Fidelia and Speranza is full of biblical references, for example the white robe represents truth, holiness and purity. The external nature of these ideals and the historical setting of the poem are best illustrated in the artist’s choice of classical dress for the sisters. The sacramental cup filled with wine, could also be the chalice of St. John. He was known to have miraculously changed a chalice of poisoned wine into a serpent. Also the serpent is symbolical of healing, something the Red Cross Knight seeks from the sisters. Most notable Speranza’s holding of an anchor most likely is a direct reference to the bible scripture Hebrews 6:19 that reads, “We have this hope as an anchor for the soul, firm and secure.
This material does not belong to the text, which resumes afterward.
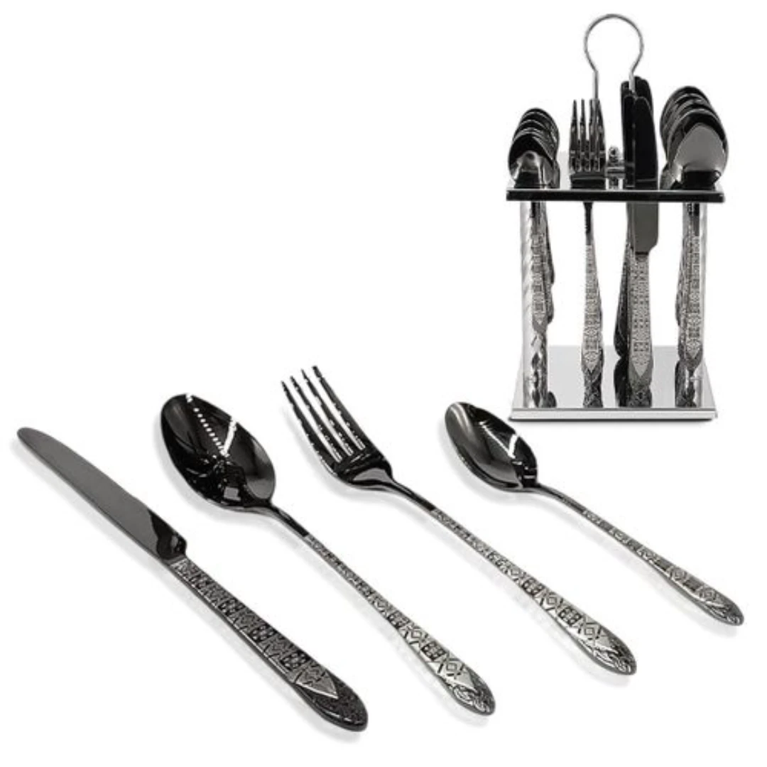 طقم أدوات مائدة مكون من 24 قطعة مثالي لتلبية جميع احتياجاتك في تناول الطعام، سواء في المناسبات العادية أو الاحتفالات. يتضمن الطقم ملاعق كبيرة وصغيرة، شوك وسكاكين، مما يجعله خياراً ممتازاً لكل مطبخ.

It enters the inner sanctuary behind the curtain.” The painting’s narrative closely follows stanzas twelve through fourteen of book 1, canto 10 of The Faerie Queen. It depicts the spiritual entity Una leading the sinning knight to the House of Holiness where his healing and conversion take place. The willingness of the sinful knight to allow the spiritual Una to lead him to Christian virtues demonstrates how mortal man can find spiritual redemption and salvation through religious conviction. The first people to meet him are sisters Fidelia and Speranza symbolizing the virtues of faith and hope.